Um fator importante para isto foi o aumento do número de beneficiários do Auxílio Brasil, programa que substituiu o Bolsa Família e que ainda teve o valor médio repassado mais do que triplicado, embora elaborado com inúmeras inadequações. Ao lado disso, a entrada de 7, 7 milhões de pessoas no mercado de trabalho, mas com vencimentos mais baixos do que a média anterior, resultou em uma distribuição menos desigual, repercutindo positivamente para a queda da desigualdade monetária.
Ainda assim, o rendimento médio domiciliar do 1% da população que ganha mais foi 32,5 vezes o valor dos 50% que ganham menos, retrato do tamanho desta desigualdade. Assinale-se que, entre 2021 e 2022, a média de empregados sem carteira assinada subiu 14,9% batendo um recorde histórico, enquanto a taxa de informalidade ficou em 39,6% e as denúncias de trabalho infantil cresceram 16%.
A tragédia da fome
Mas o que expressa com maior veemência todo o retrocesso vivido nos últimos seis anos é a tragédia da fome, sendo que o governo anterior primou por seu agravamento. Hoje, parece evidente que, ao extinguir o Conselho Nacional de Segurança Alimentar e Nutricional (Consea), foi dada a senha do que estava por vir.

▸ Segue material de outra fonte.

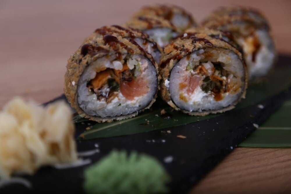 Нори, рис, сыр сливочный, лосось, мидии, огурец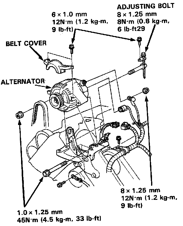 NOTE: Push the tensioner to release tension from the belt, then retighten the adjusting bolt.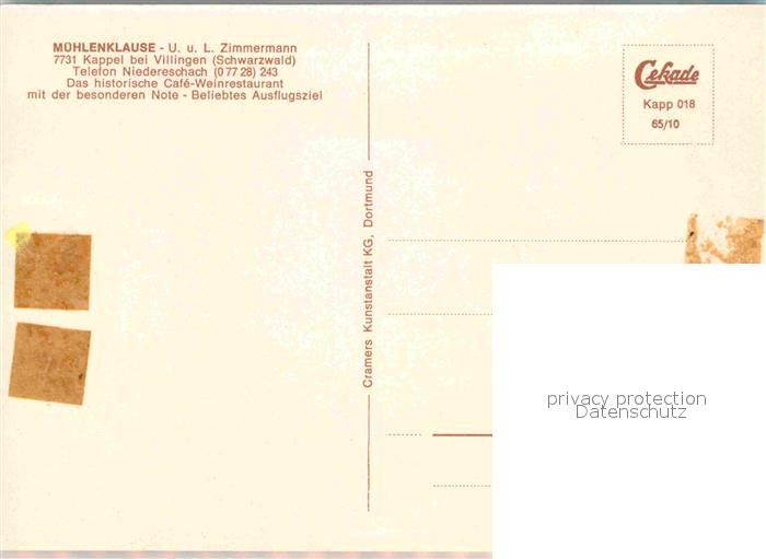 72715680 Kappel Niedereschach Muehlenklause Historisches Cafe Weinrestaurant postalisch nicht gelaufen Erhaltung siehe scans [FriedD77] KatCode: 11110008326041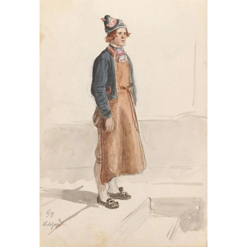 Adolph Tidemand, norwegischer Maler des 19. Jahrhunderts, ist bekannt für seine Rolle in der skandinavischen Romantikbewegung. Beeinflusst von den majestätischen Landschaften seines Heimatlandes und den folkloristischen Traditionen, konnte Tidemand die Seele Norwegens durch seine Werke einfangen. Seine Karriere, geprägt von Reisen durch Europa, ermöglichte es ihm, seinen Stil zu verfeinern und Elemente der Historienmalerei zu integrieren. Die Bedeutung von Tidemand liegt in seiner Fähigkeit, Bräuche und Szenen des Alltagslebens zu verewigen, wodurch er zu einem privilegierten Zeugen seiner Zeit wird. Seine Gemälde, wie "Studienkostüm Leksand", sind offene Fenster in eine reiche und lebendige Vergangenheit.
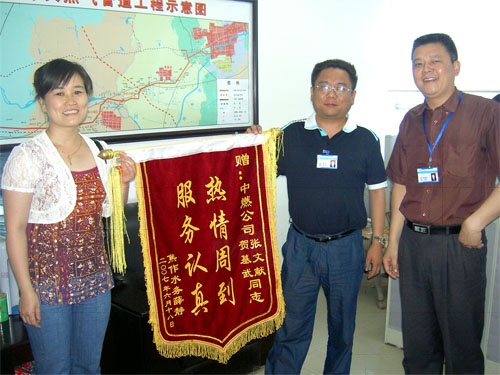 望著汗流浹背連水也顧不得喝一口的張文獻(xiàn)部長(zhǎng)一行人,該用戶內(nèi)心充滿了感激之情。隨后,特制定了一面錦旗送到公司,以表達(dá)她內(nèi)心的感激之情。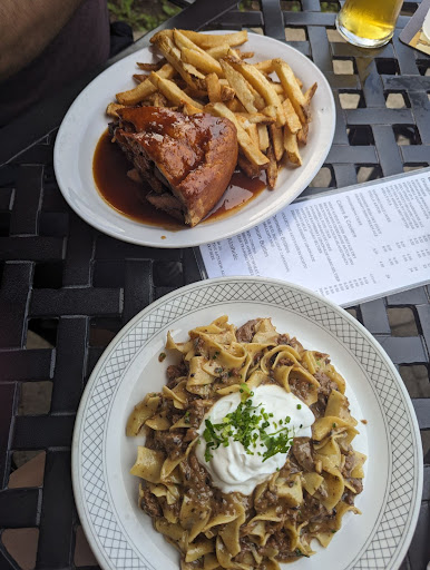 Ā Ā Ā Read moreQuite underwhelming. Our initial server first tried to seat us at the same table as 2 other people (intended for 4 ppl), which was bizarre as we did not know the people, and they were not even asked ahead of time if it would be alright. The server just wandered us over, said "how about here?" with a smile that said they knew it would be awkward, upon which we turned it down - for a table which was totally free, 5 steps away, in the process of being cleaned. After this, things went smoothly - we sat on the patio, where there was a menu written in chalk on the pillars outside. As this was our first time here, we had no idea, and were not pointed to this unofficial menu at all by our server. We would've probably got an appetizer from there if we saw it, but neither of us were disappointed after the fact, as the food wasn't so good. It tastes fine while you eat it, and it's presented kinda well, but we both had stomach aches after the fact. Probably their ingredients aren't the highest quality - and for the price, I could go anywhere else in Guelph, pay the same amount, and get great food and great service. In any case, it wasn't horrible. Would give 2.5 stars if I could. We got the duck stroganoff and the steak and mushroom pie. The best part of the restaurant was the location - you're surrounded by green...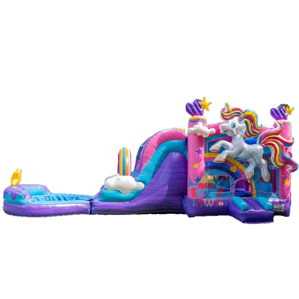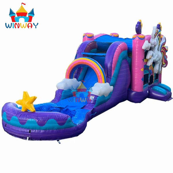 Commercial Kids Inflatable Castle Combo Unicorn Bounce House with Wet Dry Slide Small Jumping Castle for Party Rentals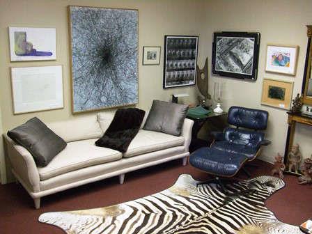 ESTATE SALE HUGE ZEBRA SKIN RUG LEOPARD SKIN RUG PRE-COLUMBIAN POTTERY FIGURES ROSEWOOD EAMES CHAIR W/OTTOMAN CUBE END TABLE 2 FRENCH ARMOIRES BLACK LACQUER DECO-STYLE REFRIGERATED BAR VICTORIAN MARBLE-TOP DRESSER W/MIRROR 19TH CENTURY "CANNONBALL" DOUBLE BED SET OF 6 CHIPPENDALE STYLE DINING CHAIRS LARGE GREY WOOL CUSTOM SCULPTED AREA RUG BLACK LEATHER & STEEL RECAMIER CONTEMPORARY LINEN SOFA FRENCH DESK LARGE STEEL "MEILINK" SAFE WHITE "HOTPOINT" REFRIGERATOR STEREO EQUIPMENT 42" SAMSUNG FLAT SCREEN T.V. LOTS OF SILVER PLATED SERVING PIECES LALIQUE CAVIAR SERVER BEAUTIFUL HAND CARVED AND INLAID ELEPHANT FIGURE CONTEMPORARY ART BY: MIKE SORG, TAD GRIFFIN, FLOYD NEWSUM, WASA...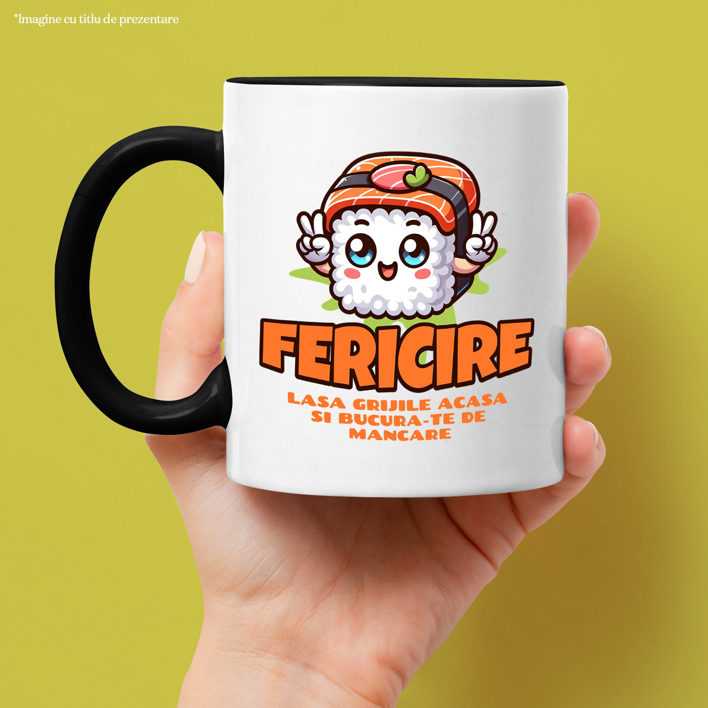 Cana Personalizata cu Sushi Vesel Cu Semnul Pace, Mancare Fast Food Mancare Asiatica, Ceramica, 330ML, cu Maner Negru

Em 2022, segundo inquérito da Rede Penssan, a fome atingiu 15,2% de nossa população, quase quatro vezes o índice de 2013, de 4,2%. O crescimento da extrema pobreza, desde 2016, com o desmonte das políticas sociais e de segurança alimentar e a intensificação da inflação de alimentos, levaram o país a esta situação.

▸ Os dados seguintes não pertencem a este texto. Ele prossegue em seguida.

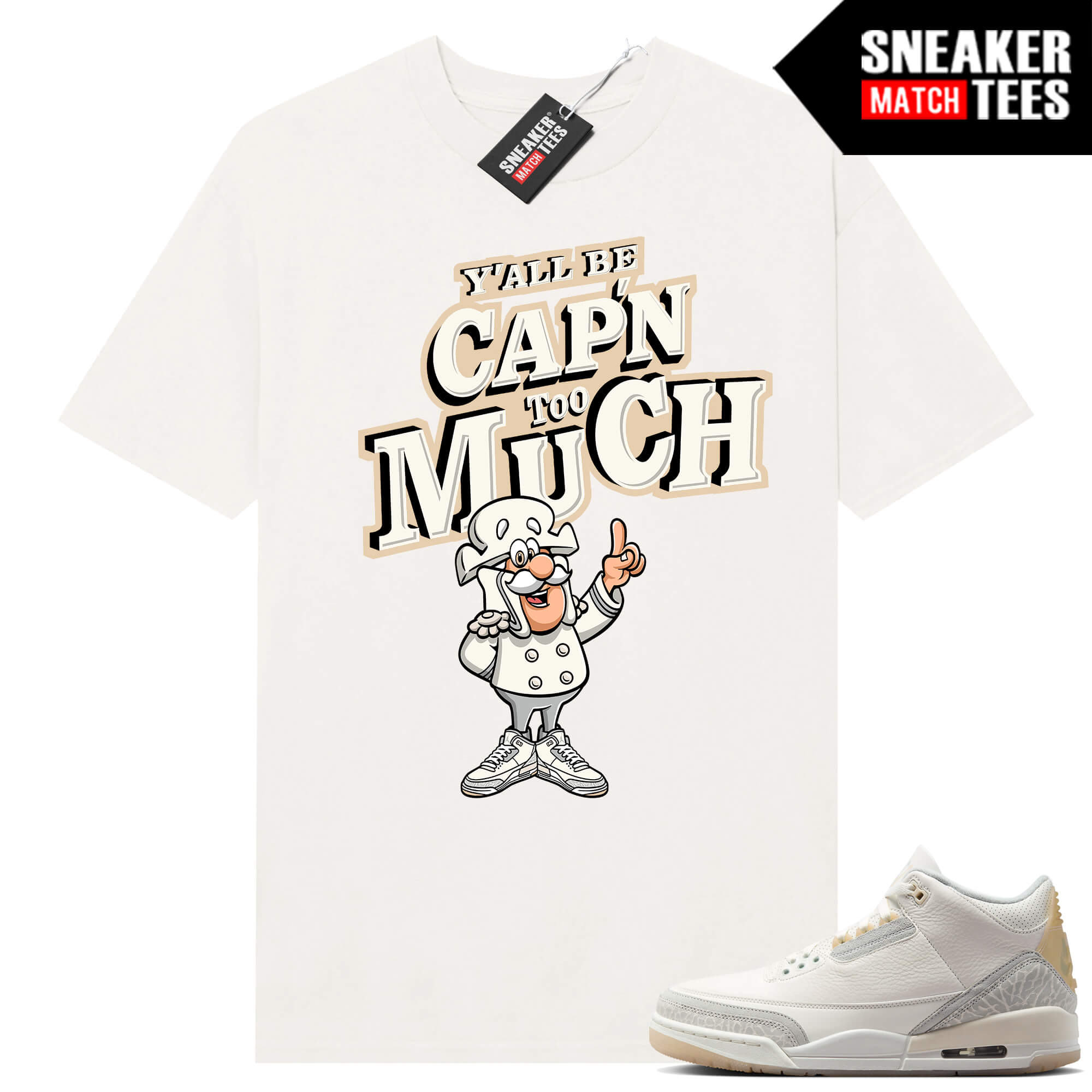 The “Toprank CAPN too Much” Tee shirt was designed to match with your sneakers. This design is exclusive to Sneaker Match Tees Online shop. Complete your Sneaker outfit with this exclusive design.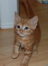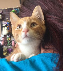 Pumpkin is an adorable kitten, about 10-12 weeks old. He is very playful, friendly and outgoing. He purrs the minute he sees you and loves to be held & cuddled when he is not busy playing.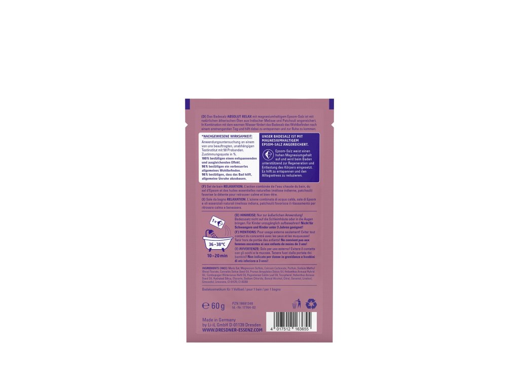 Doprajte si zaslúžený odpočinok po náročnom dni s kúpeľovou soľou **„Absolut Relax“**. Obsahuje horčíkom bohatú epsomskú soľ a je obohatená o prírodné éterické oleje z indickej medovky (citronely) a pačuli. V kombinácii s teplou vodou podporuje celkové uvoľnenie, navodzuje pohodu a prispieva k regenerácii tela aj mysle.

As consequências desse quadro são muito preocupantes se consideramos o estado nutricional de gestantes em situação de desnutrição ou em relação a crianças que convivem com acentuadas carências alimentares e que poderão sofrer comprometimento físico e cognitivo mais adiante.

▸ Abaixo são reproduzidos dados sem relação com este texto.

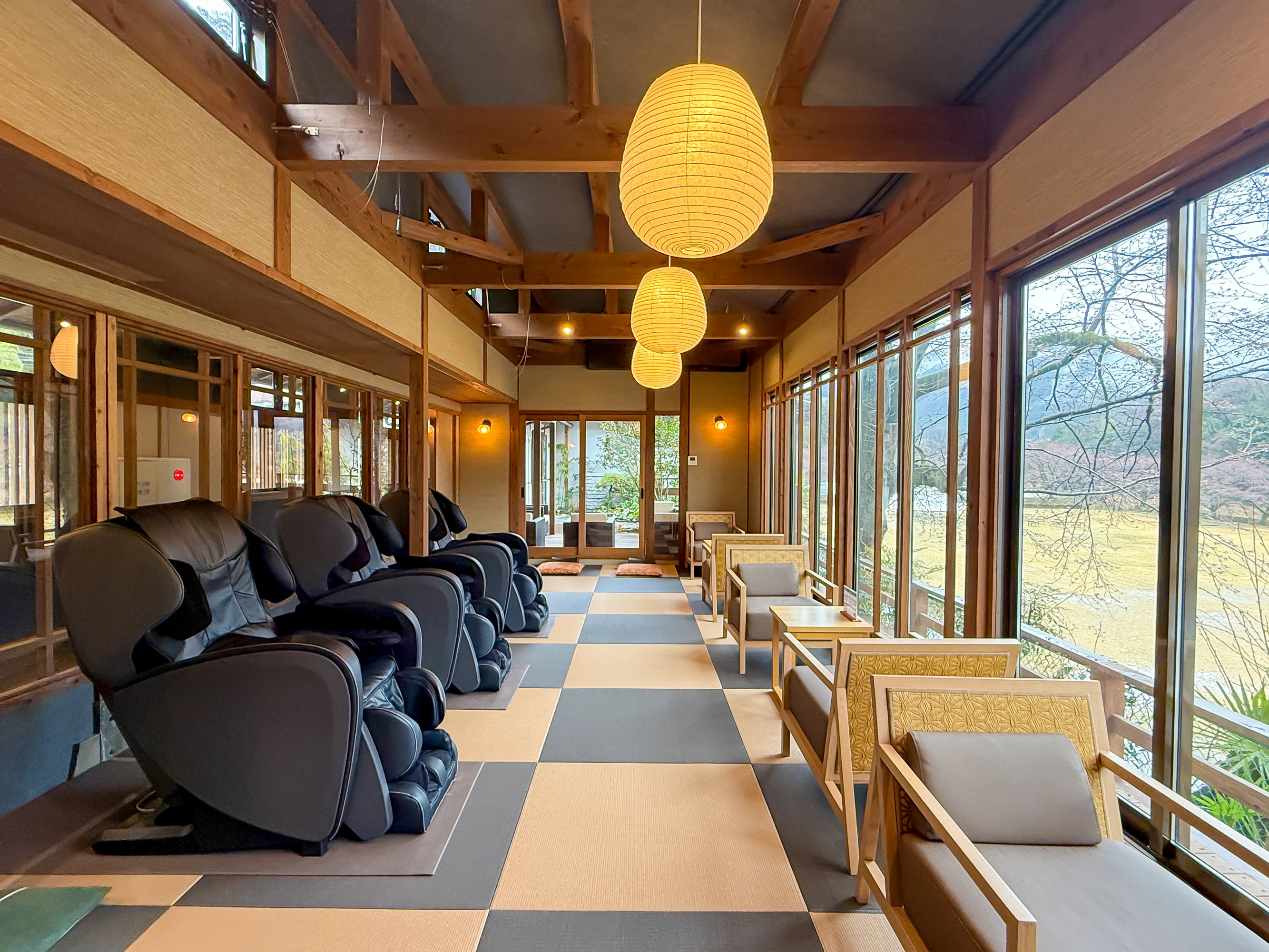 畳の肌触りが心地いい「琉球畳の間」には、無料で使用できるマッサージマシンが!温泉とサウナでほぐれた身体をさらにリラックスさせてくれます。

A cara da fome é a cara de nossas desigualdades e, em 2022, atingiu 65% dos lares liderados por pessoas pretas e pardas. Também 40% das famílias das regiões Norte e Nordeste sofreram algum grau de insegurança alimentar. Mas não foi apenas a falta de acesso que evidenciou a condição de insegurança alimentar no país, pois em 2022 foram batidos todos os recordes na liberação de agrotóxicos.
A cara da fome é a cara de nossas desigualdades e, em 2022, atingiu 65% dos lares liderados por pessoas pretas e pardas.
Entre as 37 metas analisadas dos objetivos 1, 2, 8 e 10, um total de 26 delas sofreram retrocessos. Buscando reverter este quadro, o Relatório apresentou um conjunto de recomendações, algumas específicas para cada objetivo e outras que valem para todos eles, entre os quais:
- Realização de uma reforma tributária progressiva, que taxe a super riqueza e que incorpore regras em conformidade com o Guia Alimentar para a População Brasileira, do Ministério da Saúde.
- Recuperação do valor real do salário-mínimo e garantia da efetivação de legislação que assegure a paridade salarial entre homens e mulheres que desempenham as mesmas funções.
- Avanço na efetivação de direitos dos grupos sociais de maior vulnerabilidade socioeconômica
- Ampliação do investimento para os programas de transferência de renda e proteção social
GT Agenda 2030
O Grupo de Trabalho da Sociedade Civil para a Agenda 2030 (GT Agenda 2030) trabalha para fazer da palavra acordada ação efetiva no cotidiano do país. O grupo foi formado a partir do entendimento de que a definição e implementação dos Objetivos de Desenvolvimento Sustentável (ODS) devem levar em conta o acúmulo das Organizações da Sociedade Civil que vêm trabalhando diretamente na defesa de direitos, no combate à desigualdade e no respeito aos limites do planeta.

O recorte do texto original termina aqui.